**Data extract:**

►

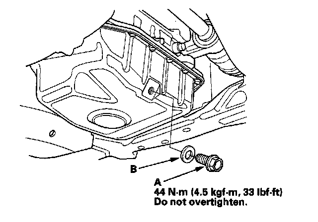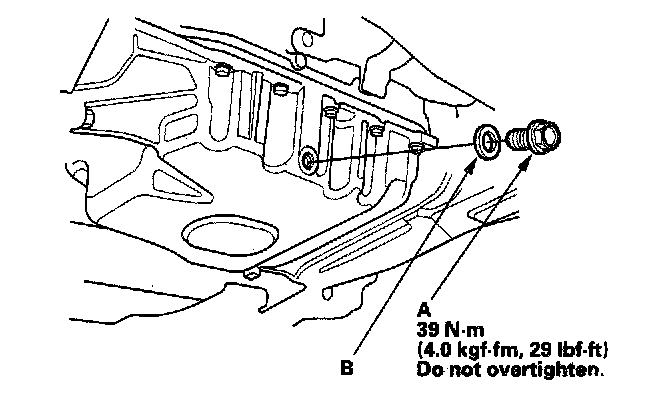 3. Reinstall the drain bolt with a new washer (B).
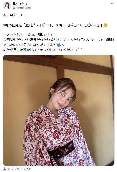 タレントの黒木ひかりが、浴衣姿を披露し話題に。
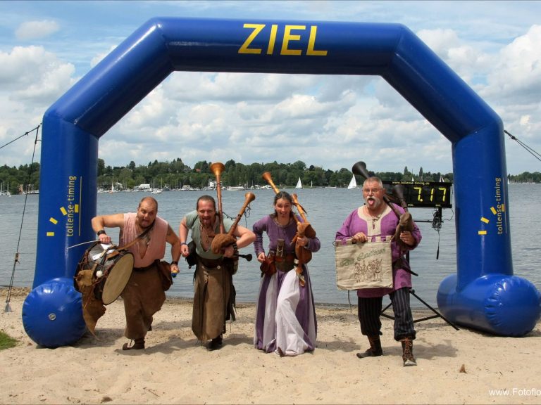 Auf der anderen Seite angekommen muss man dann noch 100 Meter einen kleinen Berg hoch zum Schildhorndenkmal. Am Ufer spielt wieder eine mittelalterliche Kapelle „die Lautlosen“, und das Publikum empfängt einen fast frenetisch auch wenn man mit ein bißchen Abstand zur Spitze ankommt.

◄

**Goal of the exercise:** With all pictures omitted, return the lines from the line containing "タレントの黒木ひかりが、浴衣姿を披露し話題に。" through the closing line of the listing above, exactly and inclusive.

**Solution:**
 タレントの黒木ひかりが、浴衣姿を披露し話題に。
 Auf der anderen Seite angekommen muss man dann noch 100 Meter einen kleinen Berg hoch zum Schildhorndenkmal. Am Ufer spielt wieder eine mittelalterliche Kapelle „die Lautlosen“, und das Publikum empfängt einen fast frenetisch auch wenn man mit ein bißchen Abstand zur Spitze ankommt.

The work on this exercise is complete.